My eye is frightening me. I'm not going to lie.
I've been having a lot of pain in my left eye, which changes based on whether I am looking up or down. Looking down is more comfortable. Looking up and even lying on my back is painful. I still see the jagged dark shape floating around, but less often, I think.
I finally tried to make an appointment with an opthomologist. The one that was recommended to me is not seeing new patients until April. The lady on the phone asked whether I could wait. When I described my symptoms to her, she put me on hold for a long time and then came back and told me that I need to be seen this week, and that I need to find a doctor who can fit me in.
I called the doctor she recommended, and they can get me in--tomorrow at 8 a.m. Only. Then the doctor is going on vacation. Tomorrow I have to get Jon on the bus at 7:35, Laura to a Regents exam that runs from 8 to 11:15, and Shannon to S.U. by 10:20. I can get the other kids to help with everything but driving Shannon to S.U. If she had a parking pass, she could drive herself.
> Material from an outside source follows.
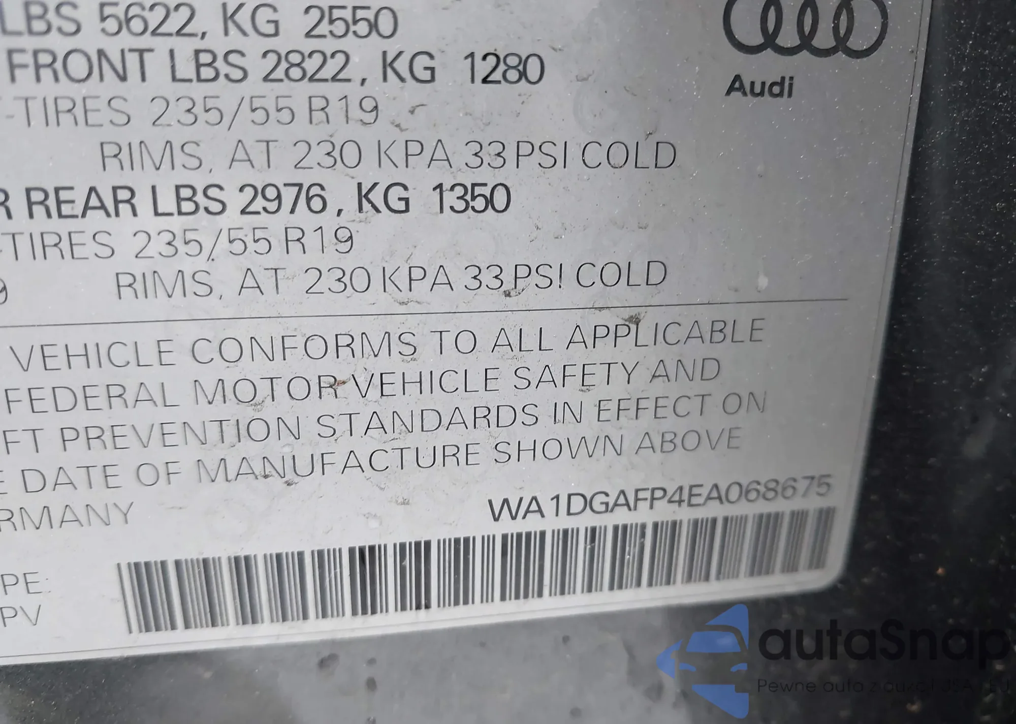 LOT: 44209329 VIN: WA1DGAFP4EA068675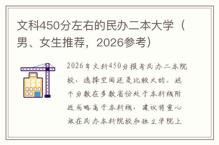2026年文科450分报考民办二本院校,选择空间还是比较大的。这个分数在多数省份处于本科线附近或略高于本科线,建议将重心放在民办本科院校和独立学院上,同时可以关注部分公办院校的中外合作或冷门专业。

But she doesn't have a parking pass. The reason she could drive herself is because Shawn is in Florida on business right now and we have his car. DJ is willing to drive her to S.U. but I am not confident in having him drive home all alone, as he has very limited experience driving down there.
So I don't know whether to call and cancel the 8:00 appointment in the morning or try to go. What if they put drops in my eyes that dilate them so I can't drive myself afterwards? What if I get a migraine (a very real possibility)? What if they give me devastating news and Shawn is a thousand miles away?
I don't know what to do. I just don't know what to do. It's times like this when I really wish I lived near family.
It gives the term myopic a whole new meaning, doesn't it?